We decided to set up the BMC motor on the Yuba Mundo as a rear wheel drive, and the Mundo already has a Forsen 1000W/36V motor on the front. Why not? An all wheel drive bicycle with about 1800 watts of power. Somehow that seems appropriate for the Yuba, which can carry over 400lbs of cargo.

Pictures are below. Brief details:
- Yuba Mundo, a longtail cargo bike that is rock solid for carrying kids, gear, groceries, whatever
- Two LiFEPO4 10Ah batteries capable of about 40-50A output
- Front Forsen 36V 1000W hub motor. It is a high speed (up to 40 mph on the stand), low(ish) torque motor
- Rear BMC V2 600W hub motor. It is also a high speed (up to 30 mph on the stand), medium torque motor
- Right twist throttle pointing away from the Shimano twist shifter
- Left thumb throttle
- Lots of fun

The Yuba’s gear range is not super wide, so by pedaling alone, the top speed is around 17 mph. However, this bike will easily accelerate to 27 mph with no pedaling, using the two motors. It sucks down some batteries, however – at 25 mph, it draws about 22 Amps, which equates to about 1000W continuous. With both motors, this bike will accelerate up hill, fast.

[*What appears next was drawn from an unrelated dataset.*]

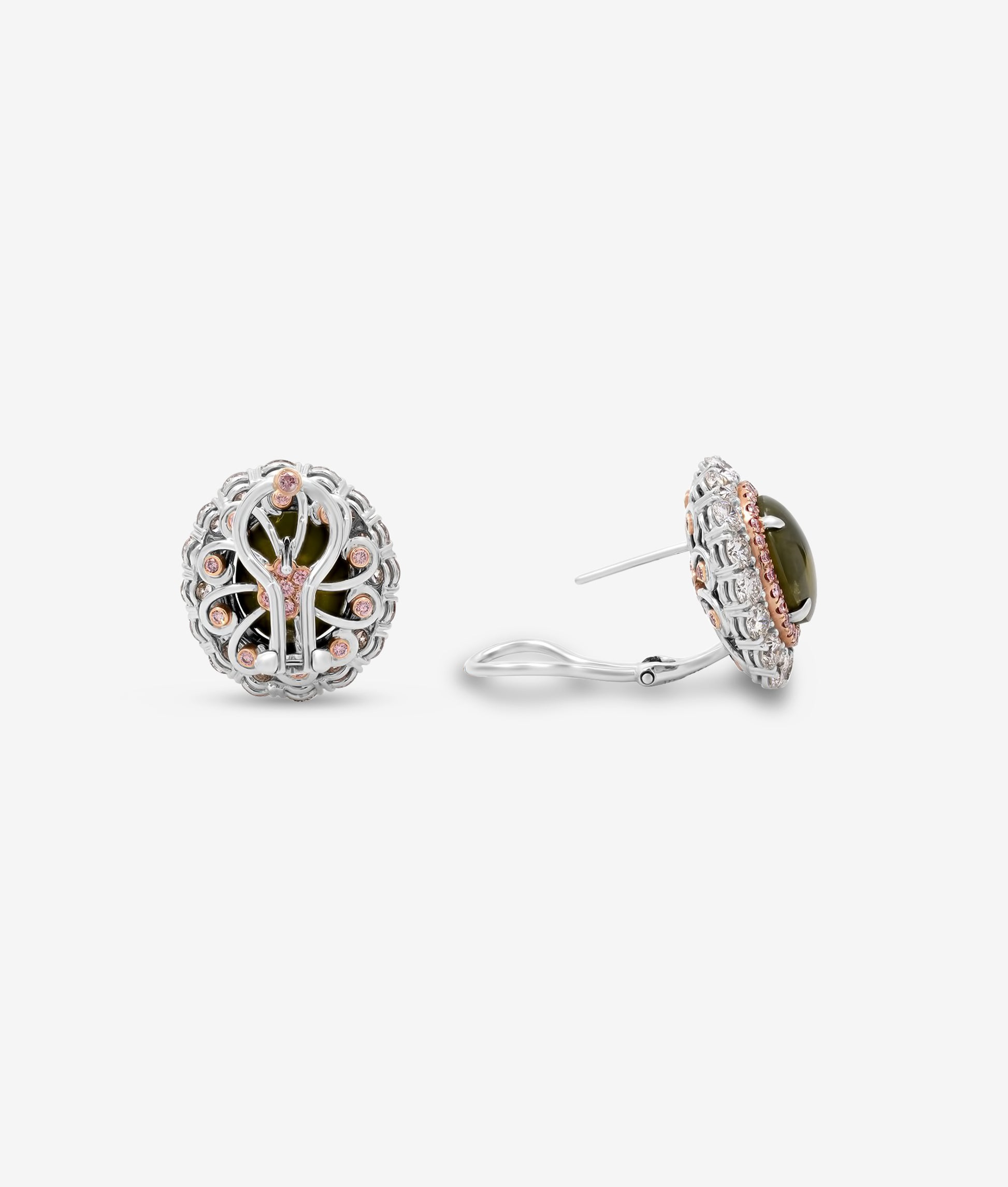 A pair 18k white gold earrings set with natural green chrysoberyl cat's eye cabochons, finished with pink and colorless diamonds.

One more note before the pictures – everything here is only temporary, so there was no attempt made to make it aesthetically pleasing. On the bike configurations we ride every day, and the configurations for our customers, we work harder on the aesthetics.

Yuba Mundo with two motors

Front picture of yuba with Forsen motor

Kids riding on the Yuba Mundo

I’ll just close with the thought that the Yuba makes a great bike for an electric setup like this – because it can haul so much weight, mounting a bunch of batteries on there is of no concern. The longer wheelbase makes it very stable even with a big load. And, the baloon tires with steel frame take up shocks in the road pretty well.